Enquiry Question How can we use the natural and built environment as a mechanism for teaching and learning?
School Whitefield Infants and Nursery Unit

The children are now able to evaluate their own performance and preferred style of learning

Class teacher, Whitefield Infants and Nursery Unit

 

Context and Objectives

This year Whitefield outlined a real need in their self-assessment to provide pupils with more firsthand experiences. They identified that most of the children have a very limited experience of life beyond the school. This, coupled with the fact that 100% of the children are EAL learners, “is having a negative impact on their writing, leading to disappointing SATs results” (SIP)

To approach this, the school wanted to make better use of the outside environment and looked at combining this need into one stem of enquiry for the year: “This project relates to identified needs in our School Improvement Plan. It allows us to plan for a more cross-curricular approach to teaching and learning which will enrich each child’s learning”. (School CP Coordinator)

 

Activity

The staff were consulted during discussions about school development planning in deciding the focus for the project. The impact of a recent study visit to Reggio Emilia in northern Italy resulted in a whole school focus on the natural world.

Practitioners were chosen who would be comfortable working outdoors, had a track record of high quality work in their own right as artists and a track record of working well with young children. 

Teaching and support staff worked alongside practitioners to explore the possibilities of using the outdoor environment as a tool for effective teaching and learning. This included creating musical compositions and stories and songs, to perform and record. Working alongside creative practitioners, staff developed the use of role-play, both indoors and outside, as a tool to initiate and extend language and vocabulary.
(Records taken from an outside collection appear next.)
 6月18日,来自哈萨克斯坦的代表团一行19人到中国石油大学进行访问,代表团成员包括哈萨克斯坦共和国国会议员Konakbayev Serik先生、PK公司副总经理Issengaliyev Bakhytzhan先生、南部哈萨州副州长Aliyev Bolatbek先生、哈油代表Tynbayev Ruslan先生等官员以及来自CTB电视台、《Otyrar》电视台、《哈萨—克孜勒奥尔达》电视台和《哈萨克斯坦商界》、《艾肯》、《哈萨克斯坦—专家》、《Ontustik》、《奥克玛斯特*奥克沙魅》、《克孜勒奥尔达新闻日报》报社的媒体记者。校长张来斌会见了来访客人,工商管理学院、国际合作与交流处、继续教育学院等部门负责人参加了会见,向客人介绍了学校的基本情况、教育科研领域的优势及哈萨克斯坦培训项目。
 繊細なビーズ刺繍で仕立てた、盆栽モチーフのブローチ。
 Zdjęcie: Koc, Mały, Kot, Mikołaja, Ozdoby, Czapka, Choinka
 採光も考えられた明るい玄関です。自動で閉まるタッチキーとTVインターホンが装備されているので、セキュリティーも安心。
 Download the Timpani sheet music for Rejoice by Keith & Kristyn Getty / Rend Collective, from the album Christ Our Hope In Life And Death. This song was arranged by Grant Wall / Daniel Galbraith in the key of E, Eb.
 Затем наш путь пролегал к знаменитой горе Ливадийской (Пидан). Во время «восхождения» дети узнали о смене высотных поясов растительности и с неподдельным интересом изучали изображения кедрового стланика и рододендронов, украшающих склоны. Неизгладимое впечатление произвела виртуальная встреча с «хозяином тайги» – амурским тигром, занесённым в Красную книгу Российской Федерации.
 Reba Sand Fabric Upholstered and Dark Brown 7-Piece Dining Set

An emphasis was placed on story structure and bringing stories to life, and the activities were designed to ensure that all different learning styles of the children would be met.

Activities included:

  • Developing story telling and writing using the outdoors as a stimulus.
  • Developing outdoor musical trails.
  • Creating and re-telling narratives in the correct sequence, drawing on language patterns of stories through role-play and drama.
  • Using illustration to widen and develop children’s language.
  • Linking music to stories and composition leading to nonfiction writing.

 

Impacts and Outcomes

  • A Year 1 girl, who had been an elective mute throughout her time at Whitefield, gradually built more confidence through the project and at the end was successful in reciting her poem to the rest of the school.
  • Science knowledge was visibly increased; e.g. six year olds were able to explain to visiting adults how starfish ‘absorbed’ their prey and give an account of the behaviour of puffer fish when threatened.
  • Staff successfully experimented with practitioners on new ways of working with children outdoors; e.g. showing children how to record tales on a story stick, sticky bookmark or story string – now part of the Year 2 teachers planning for the coming year.
  • Each class has produced a ‘Golden Book’ with key examples of children’s work that will be used to support professional development of teachers. Work has been levelled to show progression beyond expectation .
  • The school reporting system to parents now has a paragraph focused on each child’s work with Creative Partnerships.
  • Lots of visitors have been into the school during the year to observe the creative approaches to teaching now taking place in all classrooms.

 

Next Steps and Futures

  • The school are developing the ’pod’ idea seen at a visit to Jubilee Primary in East London, to link speaking and listening ideas with children’s writing.
  • The school will continue to open up the school to enable others to model their way of working as well as visit other schools to move their own learning on further.